SeaWorld Orlando's newest attraction turns the planet on its side. Just look at the globe at the entrance: The South Pole is at the equator with a "You are here" designation.
And there are glacial reefs standing right here in sunny Central Florida, next to a sign that says "Welcome to the bottom of the world." This is Antarctica — Empire of the Penguin, the largest expansion in SeaWorld Orlando's 39-year history. It opens to the public today.
"The continent of Antarctica is so remote, so far away that it's extremely difficult to get there," says creative director Brian Morrow. "Most humans will never have a chance to visit."

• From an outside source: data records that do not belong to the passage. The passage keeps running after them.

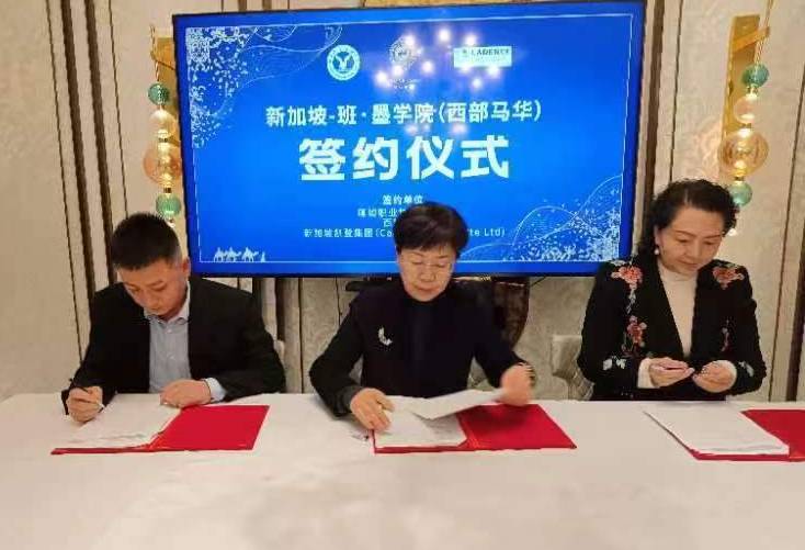 会议期间,靳凤莲开展访企拓岗,走访了西部马华企业管理集团有限公司,并与西部马华及新加坡凯登集团开展深入交流,围绕酒店、烹饪、物流、财会、医养等专业人才需求,三方签署了合作建设“班·墨学院”的协议;共同致力于多工种、多语言的教学资源库,“职业技能+中文”,多功能产学研实训基地,联合开发国际认可的国际职业标准、专业标准、课程标准等符合“班·墨学院”建设计划的十大建设任务。
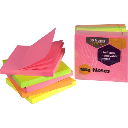 MARBIG REPOSITIONABLE NOTES 75 X 75MM BRILLIANT NEON 80 SHEET PAD ASSORTED PACK OF 5
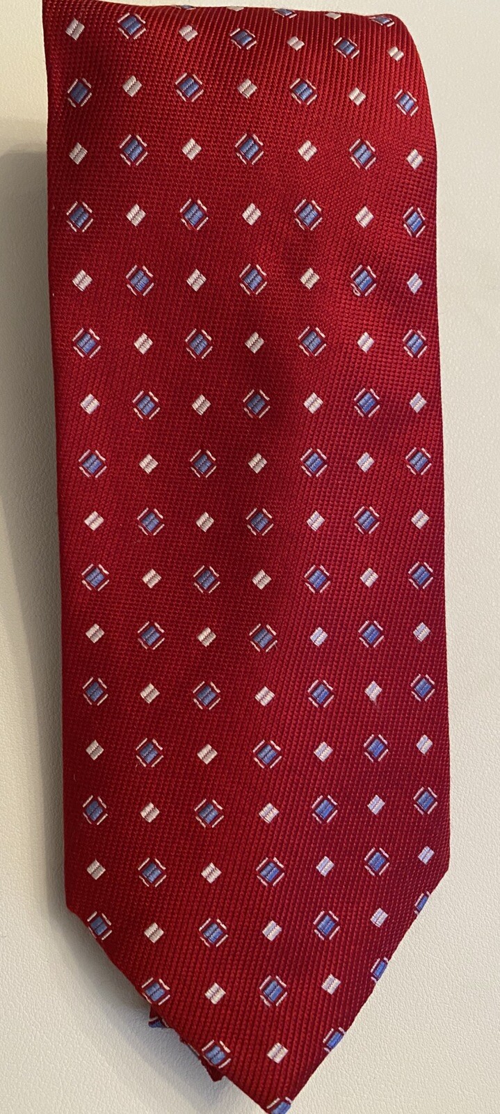 Tommy Hilfiger 100% Silk Designer Neck Tie Red, Blue Square Geometric Patriotic. Condition is Pre-owned. Shipped with USPS Ground Advantage.
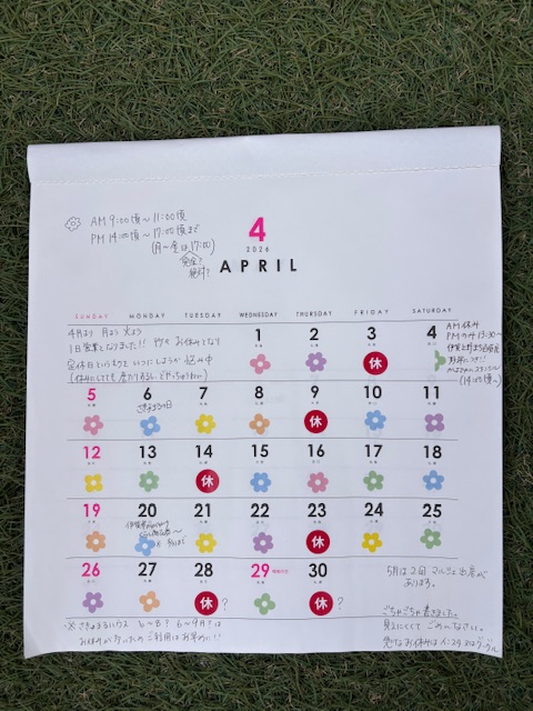 ハウスオープン当初から半日営業が所々ありましたが4月より全曜日、全日営業となります。
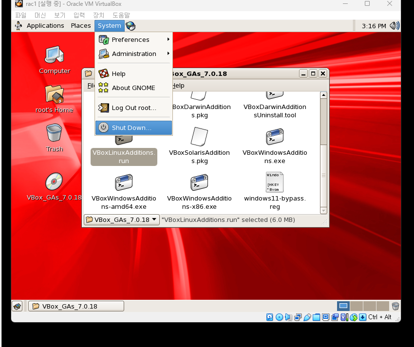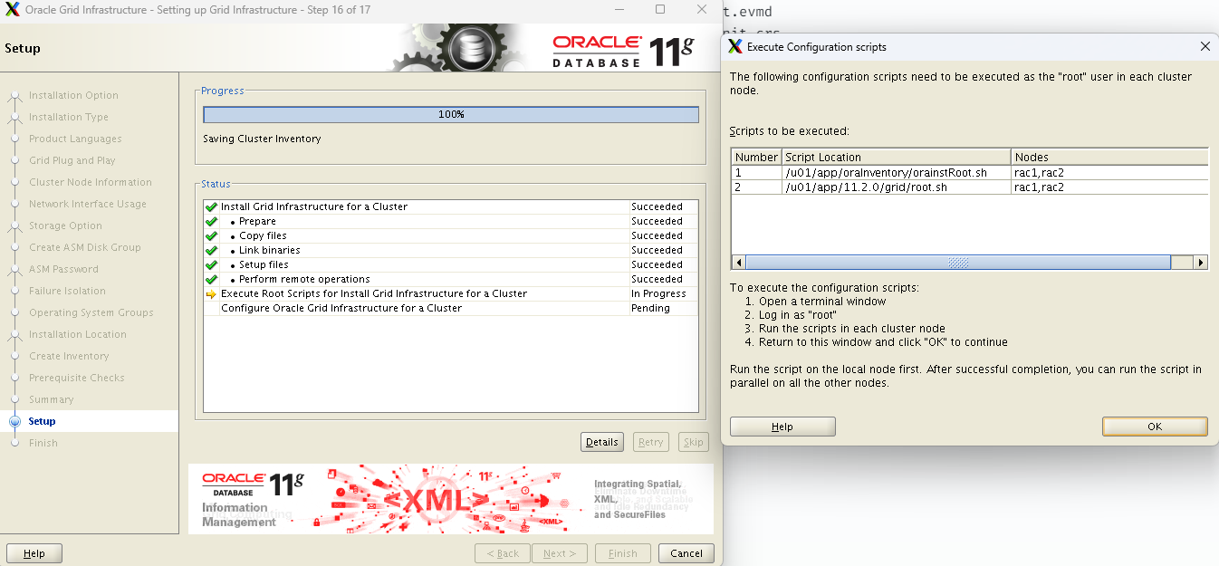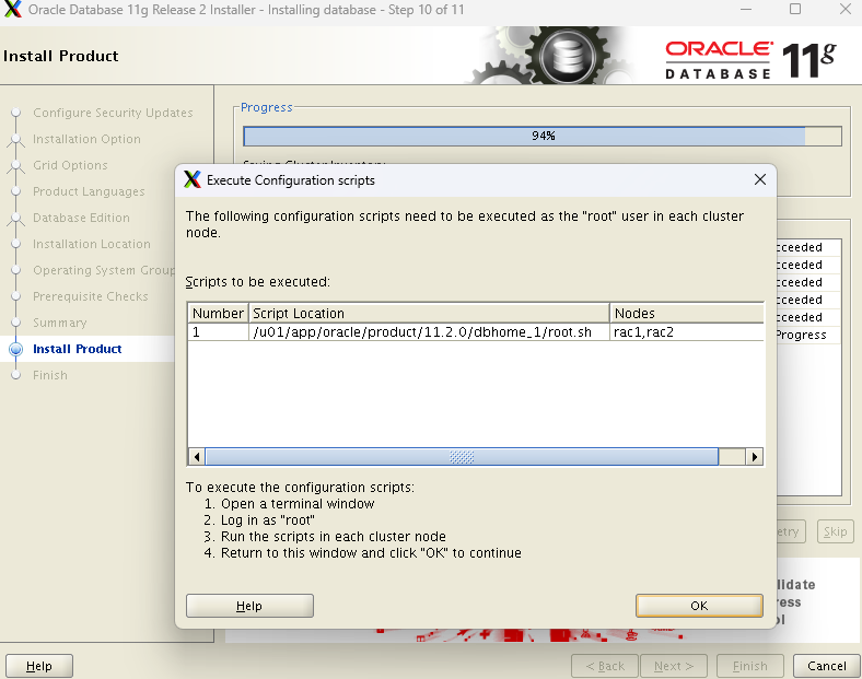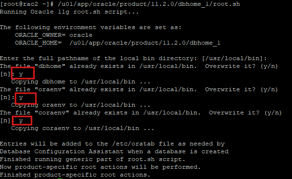 rac1,rac2 root 계정에서 해당 스크립트 실행

So SeaWorld brought Antarctica to the humans. The attraction, dripping with atmosphere, includes a major ride that leads to a penguin habitat, themed eating facilities, a gift shop and other stops.
The centerpiece ride follows the story of a penguin named Puck. There's a penguin-see, penguin-do element to the attraction, built basically atop the old Penguin Encounter attraction of the park.
"We see Puck when he's young, and he doesn't really know how to move on the ice yet so our vehicles will behave in the same way. They have these emotion reactions and physical abilities like the juvenile penguins," Morrow says. "If he spins and slides around we'll copy that as well."
Puck matures, and the vehicles learn, too.
"By the end of the ride, the vehicles are acting like super-fast, speedy superhero penguins as we dive under water for the first time," Morrow says.
The attraction puts a motion-based simulator on a trackless ride system, a theme-park first. The round vehicle, which seats two rows of four passengers, will glide over the floor in various patterns and interact with other cars.
"Each time guests come back, they can see something new," Morrow says.
When the adventure is over — after surviving a storm and Puck becomes our hero — passengers disembark directly into the penguin habitat. It's a nippy 30 degrees Fahrenheit here, and the birds are close enough that you can get wet from their wings flapping in the water. They climb and swim and stare a lot. There's a short plexiglass partition and a camouflaged "safe space" that divides birds from humans.
In the next room of the habitat, the penguins are seen behind a 20-foot window that showcases their darting, swimming abilities. They are built for underwater speed in the wild. It pays to be swift when looking for food or trying not to become the food of predators, Morrow says.
Antarctica's restaurant, Expedition Café, revolves around the scientists who study at the South Pole. It features walk-up service for Asian, Italian and American foods including an homage to one-time SeaWorld staple, Chicken 'n' Biscuit restaurant.
Also on the menus: an Iceberg wedge (get it?) and fortune cookies that are chocolate-dipped and contain environment messages. There are also grab-and-go options, Morrow says.
Inside the cafe will be hydroponic gardening used in the restaurant.
"Right now we're growing basil," Morrow says.
There are outside, shaded eating areas as well as an indoor option, a Quonset hut named the Sub-Zero Recreation Center. Inside are relics from the scientist and the SeaWorld design team. (Hidden gem: Penguin Peeps.)